**What the task requires**. The response should consist of the data below, copied exactly, with no pictures in it.

**Source material**.

########

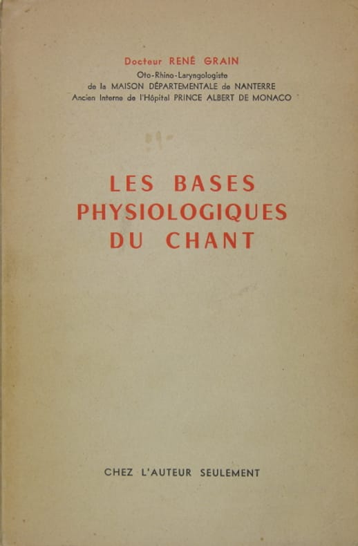 Chez l’auteur, Paris, 1950. Grand in/8 broché, couverture imprimée, figures in et hors-texte en couleur, 268 pages. Envoi de l’auteur. La mécanique laryngée, le fonctionnement de la mécanique laryngée les variations du plan d’émission vocale, les rapports de l’écriture musicale et de la voix chantée, conclusions thérapeutiques, conclusions didactiques.
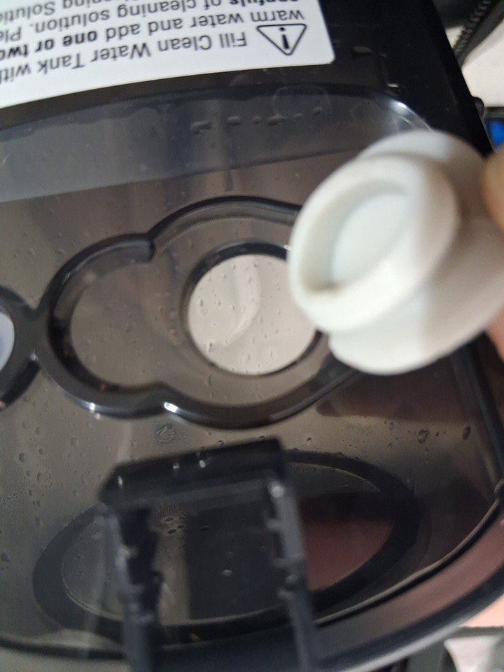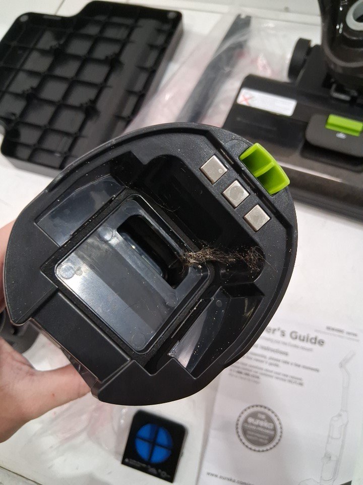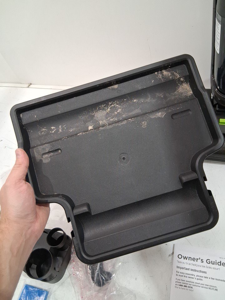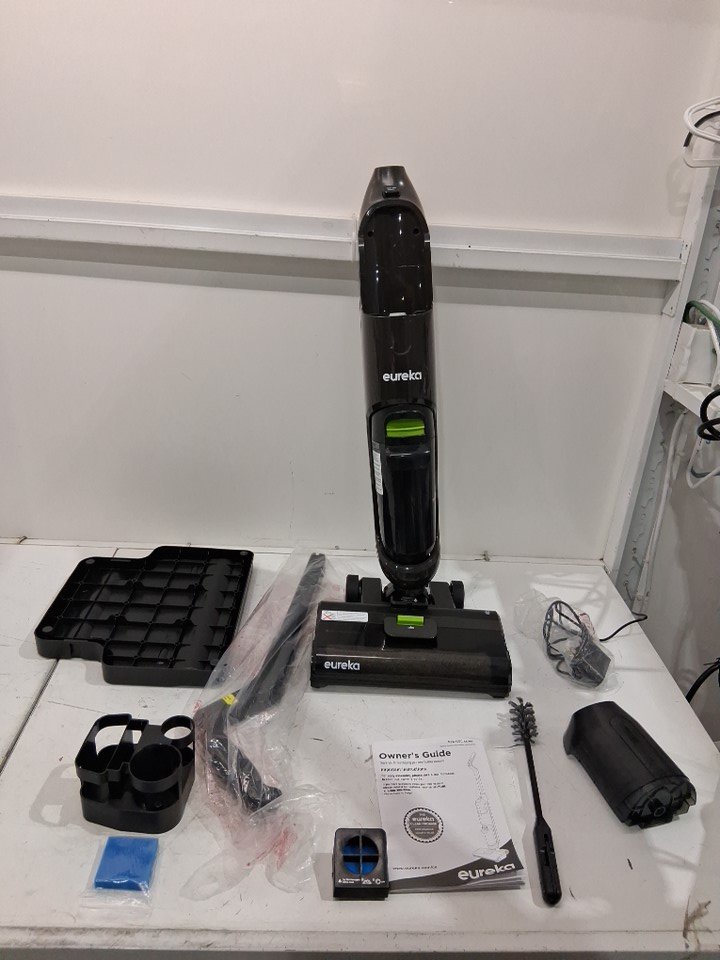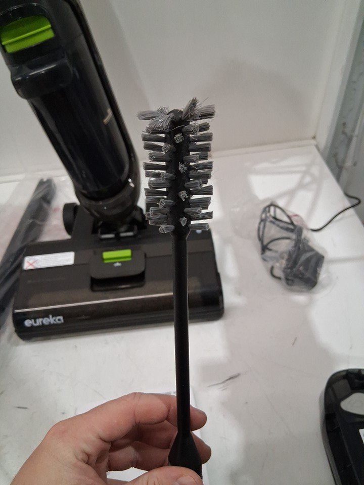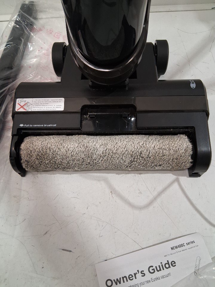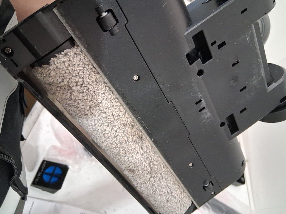 The unit shows heavy signs of prior use, including visible wear on the brush roll, water tank, and exterior housing. , and some discoloration is present on the cleaning head from extended use. Both clean and dirty water tanks show residue buildup and will require thorough cleaning before use. The vacuum powers on, and suction/mop functions appear operational, but long-term battery health and full run‑time were not verified. Refer to photos for detailed cosmetic condition and included accessories.
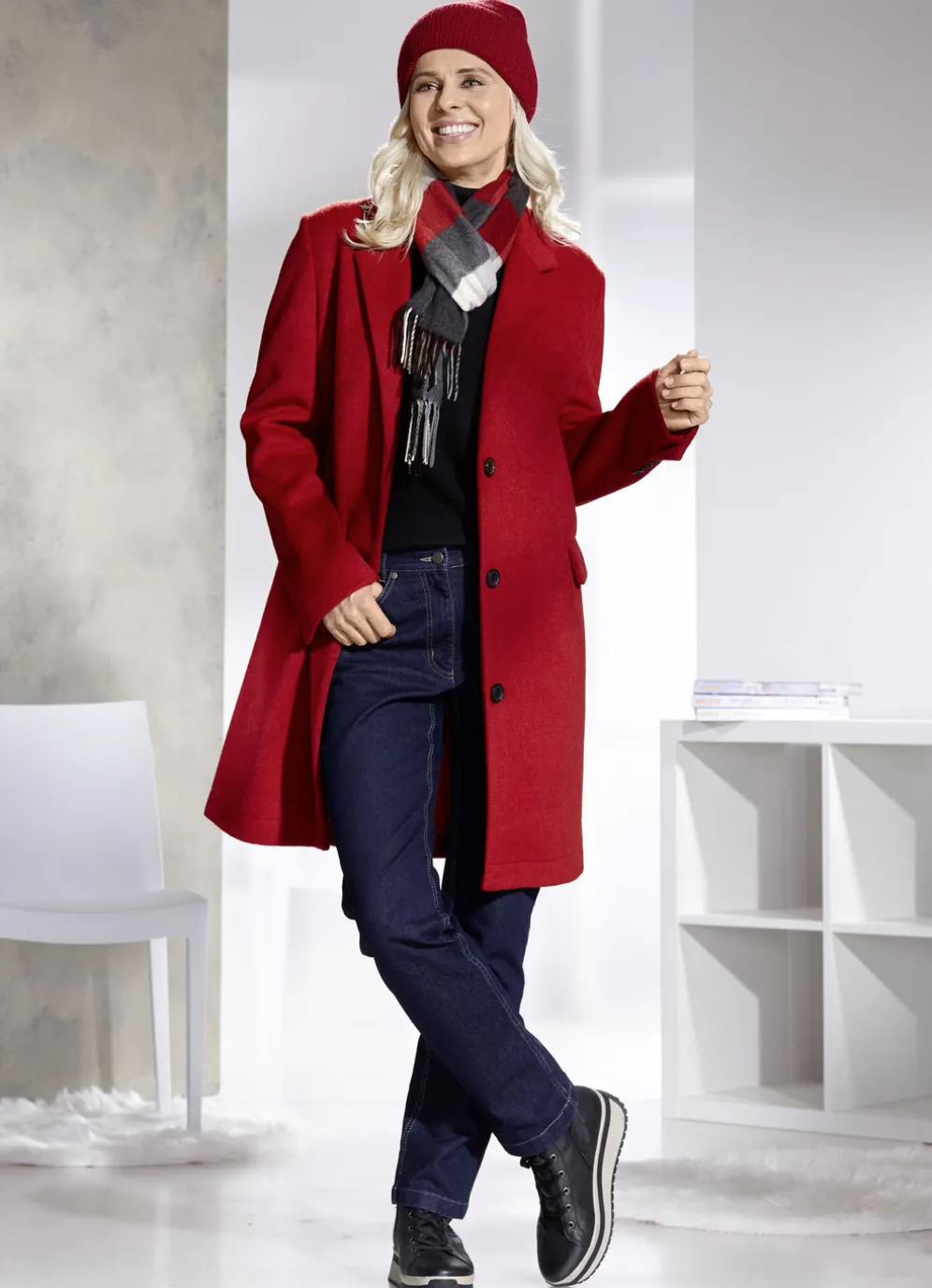 Kurzmantel mit Reverskragen in Karminrot und in Größe 38.

########

**Answer to the exercise**.
 Chez l’auteur, Paris, 1950. Grand in/8 broché, couverture imprimée, figures in et hors-texte en couleur, 268 pages. Envoi de l’auteur. La mécanique laryngée, le fonctionnement de la mécanique laryngée les variations du plan d’émission vocale, les rapports de l’écriture musicale et de la voix chantée, conclusions thérapeutiques, conclusions didactiques.
 The unit shows heavy signs of prior use, including visible wear on the brush roll, water tank, and exterior housing. , and some discoloration is present on the cleaning head from extended use. Both clean and dirty water tanks show residue buildup and will require thorough cleaning before use. The vacuum powers on, and suction/mop functions appear operational, but long-term battery health and full run‑time were not verified. Refer to photos for detailed cosmetic condition and included accessories.
 Kurzmantel mit Reverskragen in Karminrot und in Größe 38.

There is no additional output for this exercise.